■ **WORK TO BE COMPLETED**
Give the records again. Keep them exact and leave out the images.

[Stored data]
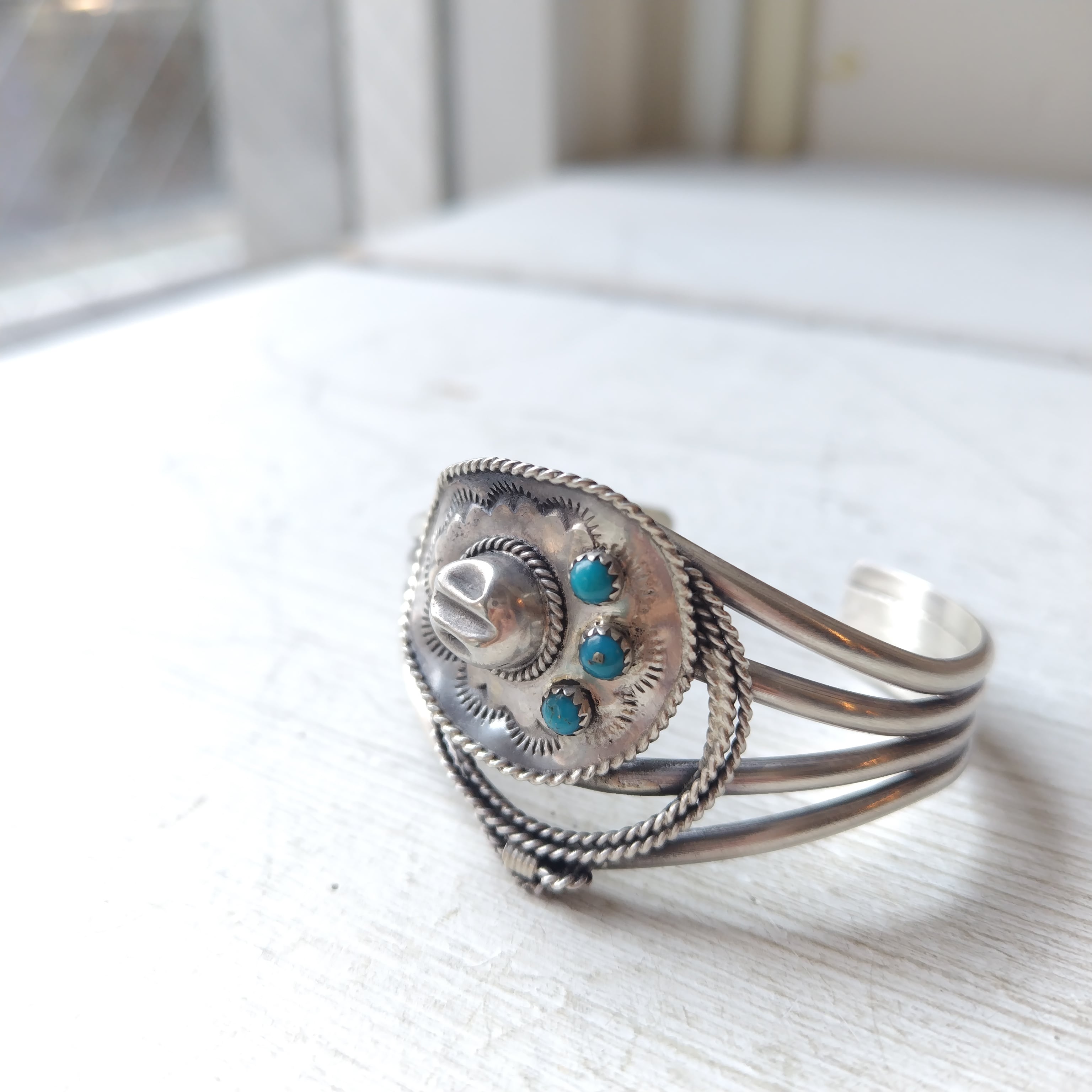 素晴らしいデザインのナバホ カウボーイハット ターコイズ シルバーバングルになります!
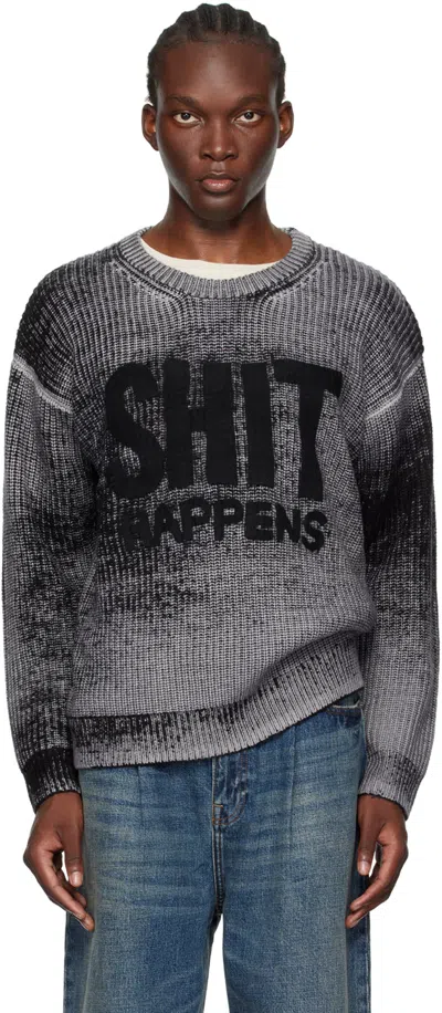 Black & Gray Boyfriend Sweater In Distressed Black
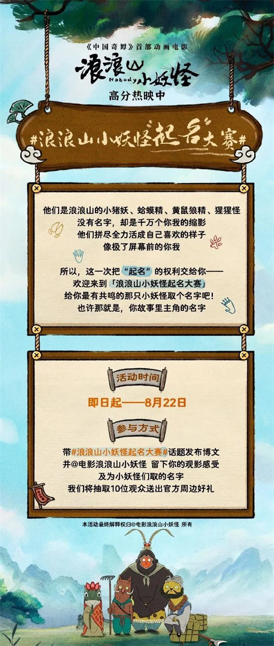 例如近期势头正猛的《浪浪山小妖怪》,在听取观众心声后也开启了为无名小妖怪(电影英文名《Nobody》)征名活动。
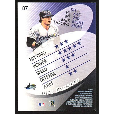 This is a 2000 Topps Stars Jose Canseco baseball card. The card is #87 and pictures show condition.
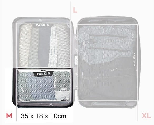 Mサイズは、下着、靴下の小型サイズに最適です。季節にもよりますが、3泊分は問題ないでしょう。
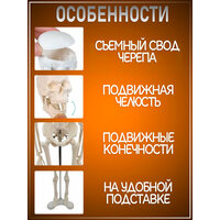 Крышка черепа съемная. Нижняя челюсть черепа подвижная, на пружинке. Верхние и нижние конечности легкосъемные. Скелету придана естественная поза стоящего человека. Позвоночник негнущийся. Ребра, тазовые кости и череп жестко соединены с позвоночником. Конечности присоединяются на шарнирах.

■ **RESULT BELOW**
 素晴らしいデザインのナバホ カウボーイハット ターコイズ シルバーバングルになります!
 Black & Gray Boyfriend Sweater In Distressed Black
 例如近期势头正猛的《浪浪山小妖怪》,在听取观众心声后也开启了为无名小妖怪(电影英文名《Nobody》)征名活动。
 This is a 2000 Topps Stars Jose Canseco baseball card. The card is #87 and pictures show condition.
 Mサイズは、下着、靴下の小型サイズに最適です。季節にもよりますが、3泊分は問題ないでしょう。
 Крышка черепа съемная. Нижняя челюсть черепа подвижная, на пружинке. Верхние и нижние конечности легкосъемные. Скелету придана естественная поза стоящего человека. Позвоночник негнущийся. Ребра, тазовые кости и череп жестко соединены с позвоночником. Конечности присоединяются на шарнирах.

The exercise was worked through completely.